Is This What Getting High Feels Like?

Austin City Limits was fantastic, but there was this one point that wasn’t as cool. That was when a drunk girl burned me with her lit cigarette.

Blanton and I camped out at one of the larger stages, the AMD stage, for a little over five hours. Stages alternate shows, and each stage features an artist who plays a one hour set, then there’s a one hour break, then another one hour set. At AMD we saw the Avett Brothers, Phoenix, and John Legend. All were great, but I really wasn’t expecting anything out of the Avett Brothers, and they made it rain. At least they brought the cloud cover, which was highly desirable in the Austin heat.

However, in the waiting hour between the Avett Brothers and Phoenix, standing with Blanton at the front of the crowd (that’s what you wait five hours for – to be at the front), I felt something that, at the time, I thought to be a mega wasp sting on my elbow.

I once saw a movie on the SyFy channel called Mansquito.
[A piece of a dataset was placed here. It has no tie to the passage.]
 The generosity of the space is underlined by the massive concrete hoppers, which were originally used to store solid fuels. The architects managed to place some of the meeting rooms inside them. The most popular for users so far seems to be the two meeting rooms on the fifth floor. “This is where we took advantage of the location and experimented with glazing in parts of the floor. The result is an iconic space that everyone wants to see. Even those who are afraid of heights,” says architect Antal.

I believe what I felt must have been comparable to what Lt. Randall felt fighting that monster.

After crying aloud in pain, I turned and saw a drunk, heavy girl holding a beer and a cigarette in one hand. She apologized – a lot – but really, when was the last time you burned a stranger with a cigarette? That sort of thing doesn’t happen. It’s like accidentally dropping a baby, or unintentionally selling state secrets to a Soviet Bloc country. Her kind of negligence was what put Nero in power.
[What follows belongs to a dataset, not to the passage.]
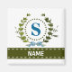 Une couronne de lierre délicate avec un ruban rayé bleu est superposée sur un fond blanc frais. La conception appropriée pour un mariage comporte le monogramme "S" en bleu. L'aimant peut être personnalisé avec n'importe quel nom sur la bannière de ruban vert. Astuce de conception : pour la police présentée ici, utilisez des majuscules pour le nom.

As consolation, she showed me a mark on her arm where she had put a cigarette out by snuffing on her skin. How does that make me feel better? All I know now is that not only are you drunk, but you’ve also shown yourself to be a consistent idiot. To try and make her feel stupid, I took my elbow and put it on her forearm, so that the burn marks touched, and said, “High Five.” She didn’t get it.

The Unsung Heroes of ACL

I went to Austin City Limits yesterday with Blanton, and yes, it was great, but I can’t talk about that right now. My heart is so full for one specific issue that I have to pour it out before it starts to boil and I die. I think that’s what happens, from my rudimentary understanding of anatomy.

Sign language translators at music festivals. These women (I didn’t see any men) are valiant – they process live lyrics and output them into the sign language format deaf people have come to know and love, all while maintaining some semblance of rhythm and meter. The best part: I have no idea why.
There were translators at every show I saw, and they all behaved differently. At Phoenix, the translators was shuffling her feet like she was in a step train, pumping her knees like pistons while translating the stutters and French accent of the lead singer. During John Legend, another woman focused on communicating the whole sex appeal by slowly swaying her very wide and old body. She may have spoken with her hands, but she was communicating with her hips. And the last show, Kings of Leon, had a spotlight at an odd angle, illuminating only half of the translator, so that her signs became gigantic shadow puppets on the muslin that covered the speakers.
My personal favorite was the woman at Andrew Bird. That lady deserves a medal, or at least a VIP pass. Maybe some time at the autograph tent. She managed to communicate about half of Bird’s lyrics while keeping her involuntary laughter at her own incompetence to a minimum. This is not because she was bad – I think that she had ACL’s number one hands – but because Bird’s lyrics are so weird. There probably aren’t signs for words like “formaldehyde” and “anoanimal” and “vestments of translucent alabaster.” I’m pretty sure she translated that last one as “gown of see through rock.” I really don’t see another way to do it.
The best part was watching her try to communicate whistling, violin, and xylophone all at the same time; she had to find some way of expressing the idea of looping, but the best way she came up with was to try and stifle her laughter and point to her puckered lips, as if she was undergoing asphyxiation.
Deaf people can taste the delicious Sweet Leaf Tea, smell the weed smoke, feel the burning cigarette a drunk girl pushes into the flesh of their arm (and when you read deaf people, think Cass Trumbo), but they hear no noise. Really – why are deaf people going to a music festival?